Problem ::
Please restate, exactly as they appear, only the lines from the one that contains "その報国寺を出て、再び金沢街" to the final line of the entries, with no pictures.

Material for the task ::
_____

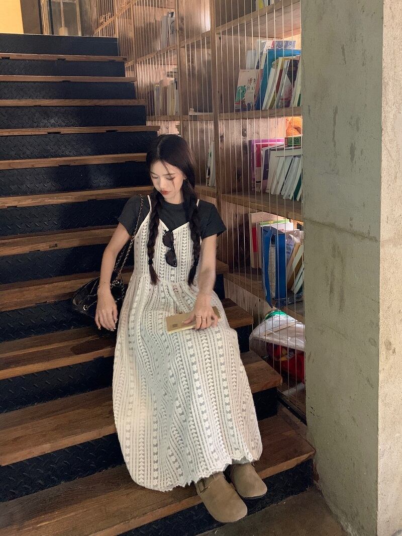 上品な総レースの透け感がきれいなミモレ丈のキャミソールワンピースと
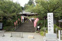 その報国寺を出て、再び金沢街道に出て杉本寺に向かいました。大蔵山をちょっとだけ上り、入山料200円を払い、石段を少し上ると山門があります。その山門をくぐると、擦り減った石段がまっすぐに本堂まで続いています。現在は、この石段では危ないので通行止めになっていて、左の石段(女坂)を上ります。その上りきったところに、第1番札所杉本寺はありました。
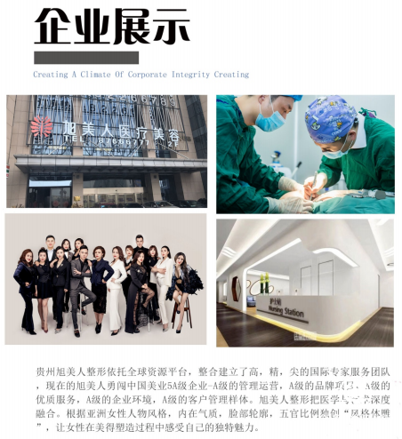 据介绍,贵州旭美人整形依托全球源平台,整合建立了高、精、尖的国际专家服务团队,现在旭美人勇闯中国美业5A级企业,A级的管理运营、A级的品牌项目,A级的优质服务,A的企业环境,A级客户管理样体。旭美人整形把医学与艺术深度融合。旭美人的使命是:创造美,传递美;美丽宣言是:你的美丽,我的使命;服务理念是:省心,耐心,放心,贴心,细心,安心。
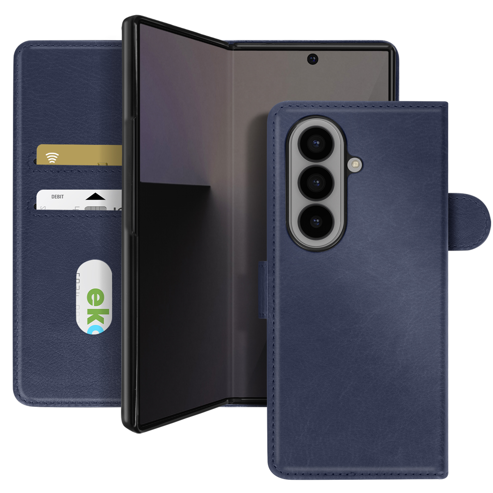 Ta etui ima magnetno zaklopko za enostavno in učinkovito zapiranje.. Vgrajene reže za kartice za praktično uporabo brez denarnice. Zrnati imitaciji usnja za vrhunski in trpežen videz. Oblika, prilagojena zložljivi zasnovi telefona Samsung Z Fold 7.
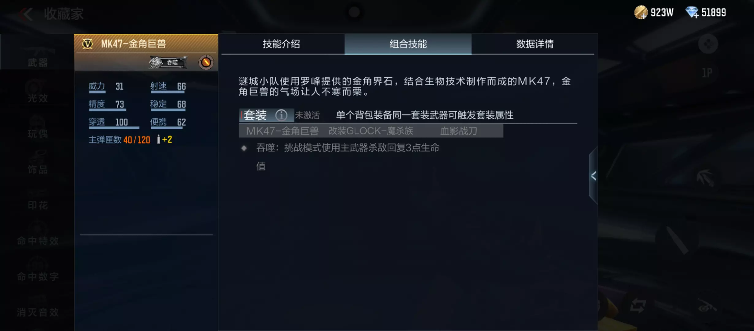 此外,如果单个背包同时装备有MK47-金角巨兽、改装Glock-魔杀族以及血影战刀的时候,则可以激活专属套装属性吞噬:挑战模式使用主武器杀敌回复3点生命值。
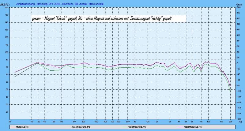 Was die Klangverbesserung durch einen Zusatzmagnet angeht, kann ich nur sagen: Der Wirkungsgrad im Mittel-Hochton-Bereich steigt ein wenig. Wenn ein Breitbänder da zu wenig Pegel bringt, kann sich das positiv auswirken. Wenn das nicht der Grund für die Klangverbesserung sein sollte, muss man diese Aussage in die Kategorie "Voodoo" einordnen.Admin
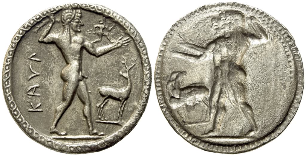 KAVL, Apollo, diademed, walking r., holding laurel branch in upraised r. hand; and small winged daimon running, holding long branch on outstretched l. arm; in r. field, stag r. on platform, with head reverted; Rv. The same type incuse l. without legend. Noe 14; McClean 1591; Boston 169; SNG ANS 147; HN Italy 2035. Traces of old cleaning. Fields gently smoothed. Possible minor tooling following cleaning, otherwise good extremely fine. Elegant style.
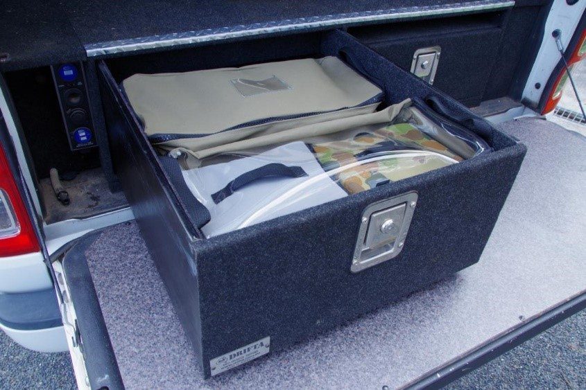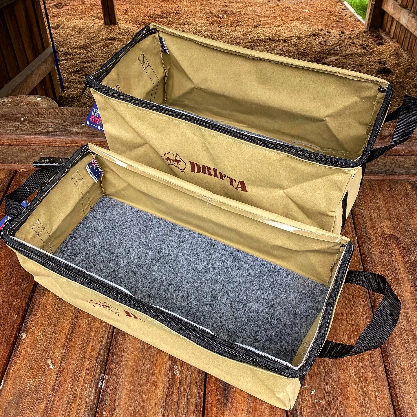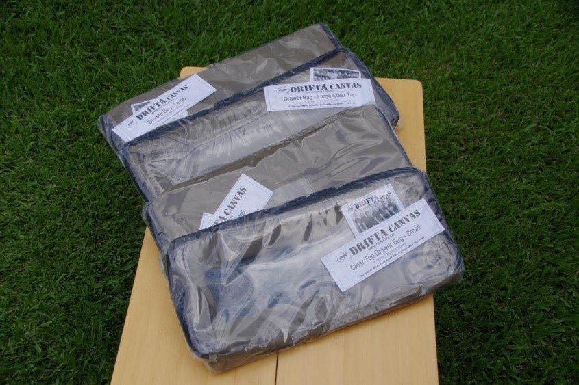 We made a bag that fits our standard drawer sizes. These drawer bags have a clear top so you can see what is in your bag. The medium and small toiletries bags are for display only, they are not a part of the drawer bags.

_____

Output for this task ::
 その報国寺を出て、再び金沢街道に出て杉本寺に向かいました。大蔵山をちょっとだけ上り、入山料200円を払い、石段を少し上ると山門があります。その山門をくぐると、擦り減った石段がまっすぐに本堂まで続いています。現在は、この石段では危ないので通行止めになっていて、左の石段(女坂)を上ります。その上りきったところに、第1番札所杉本寺はありました。
 据介绍,贵州旭美人整形依托全球源平台,整合建立了高、精、尖的国际专家服务团队,现在旭美人勇闯中国美业5A级企业,A级的管理运营、A级的品牌项目,A级的优质服务,A的企业环境,A级客户管理样体。旭美人整形把医学与艺术深度融合。旭美人的使命是:创造美,传递美;美丽宣言是:你的美丽,我的使命;服务理念是:省心,耐心,放心,贴心,细心,安心。
 Ta etui ima magnetno zaklopko za enostavno in učinkovito zapiranje.. Vgrajene reže za kartice za praktično uporabo brez denarnice. Zrnati imitaciji usnja za vrhunski in trpežen videz. Oblika, prilagojena zložljivi zasnovi telefona Samsung Z Fold 7.
 此外,如果单个背包同时装备有MK47-金角巨兽、改装Glock-魔杀族以及血影战刀的时候,则可以激活专属套装属性吞噬:挑战模式使用主武器杀敌回复3点生命值。
 Was die Klangverbesserung durch einen Zusatzmagnet angeht, kann ich nur sagen: Der Wirkungsgrad im Mittel-Hochton-Bereich steigt ein wenig. Wenn ein Breitbänder da zu wenig Pegel bringt, kann sich das positiv auswirken. Wenn das nicht der Grund für die Klangverbesserung sein sollte, muss man diese Aussage in die Kategorie "Voodoo" einordnen.Admin
 KAVL, Apollo, diademed, walking r., holding laurel branch in upraised r. hand; and small winged daimon running, holding long branch on outstretched l. arm; in r. field, stag r. on platform, with head reverted; Rv. The same type incuse l. without legend. Noe 14; McClean 1591; Boston 169; SNG ANS 147; HN Italy 2035. Traces of old cleaning. Fields gently smoothed. Possible minor tooling following cleaning, otherwise good extremely fine. Elegant style.
 We made a bag that fits our standard drawer sizes. These drawer bags have a clear top so you can see what is in your bag. The medium and small toiletries bags are for display only, they are not a part of the drawer bags.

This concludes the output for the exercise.